My Big Fat First Wedding
The Spark Was Gone
But in the end we split up for a more primal reason: He stopped wanting me in any physical sense. I'd gained so much weight he no longer found me attractive. Worse, I was beginning to see myself as he did. It was as if I were permanently positioned in front of a fun-house mirror, the kind that makes you look freakishly short, rippled and round.
"But you gave him two beautiful children," a friend exclaimed furiously when I confided to her about Robert's lack of interest. "There should be a special circle in hell for men who make women feel bad about gaining weight after motherhood."

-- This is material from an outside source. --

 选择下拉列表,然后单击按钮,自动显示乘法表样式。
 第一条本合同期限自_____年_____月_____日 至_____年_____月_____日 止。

She had a point. On the other hand, I understood that Robert couldn't force himself to desire me. And I'd put on not just a few pounds, but a lot of them: forty, to be exact, in four years of marriage. True, I'd started year one thinner than usual, thanks to an all lentil-and-rice diet, so actually I'd gained less than it seemed. But Robert hadn't known me before and I'm sure he worried that I'd continue this 10-pound-a-year expansion, saddling him with an Incredible Hulk of a wife.

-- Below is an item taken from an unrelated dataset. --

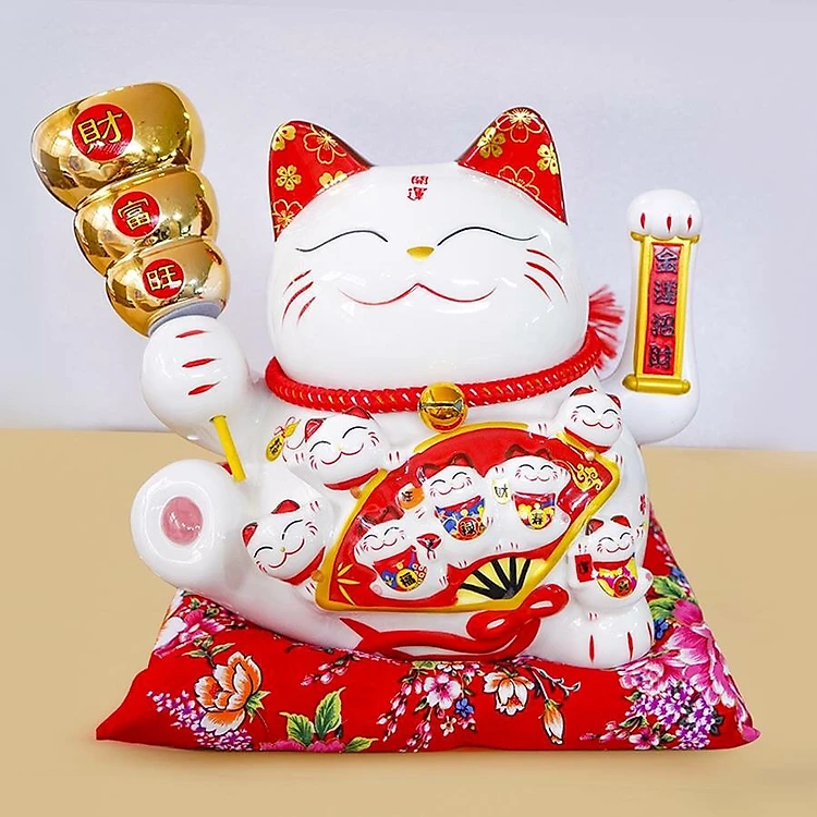 Mèo thần tài vẫy tay cầm xiên tiền vàng

I was not -- and I swear this is an objective view -- obese. But Robert was trim and muscular and I was buxom and plump and busting out all over. I looked nothing like the woman who had seduced him in that San Francisco bar. How could he have known that lurking inside that lean, mean dancing machine was a Rubenesque big mama ready to slip into comfort-waist jeans?

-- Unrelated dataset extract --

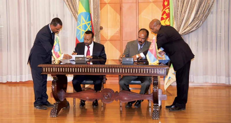 انتهت رسميا حالة الحرب بين إثيوبيا وإريتريا، حسبما جاء في بيان مشترك وقع أمس، غداة لقاء تاريخي بين رئيس الحكومة الإثيوبي آبي أحمد والرئيس الإريتري أسياس أفورقي في أسمرة أنهى 20 عاماً من القطيعة.

Robert was less bothered by our dormant sex life than I was. I wondered if he was having an affair, but he denied it, and he was one of the most honest people I knew. That left just me and my body as the cause of his languid libido. "What's the big deal about sex anyway?" Robert asked one day. "The point of marriage is to raise a family. Nothing's perfect for any couple."
I struggled to accept this view, with little success. And as time passed our marital clashes increasingly centered on my blossoming shape.
Why did sex matter so much to me? Because I firmly believe that a feverish tryst, or even a tender, familiar roll in the hay, expresses what words can't. I view sex -- and science backs me up here -- as the glue binding a couple together, essential for withstanding differences in politics and personalities, not to mention the rigors of aging and daily life with children. Occasionally, with prodding from me, we rallied on a Saturday night, but the spark was gone.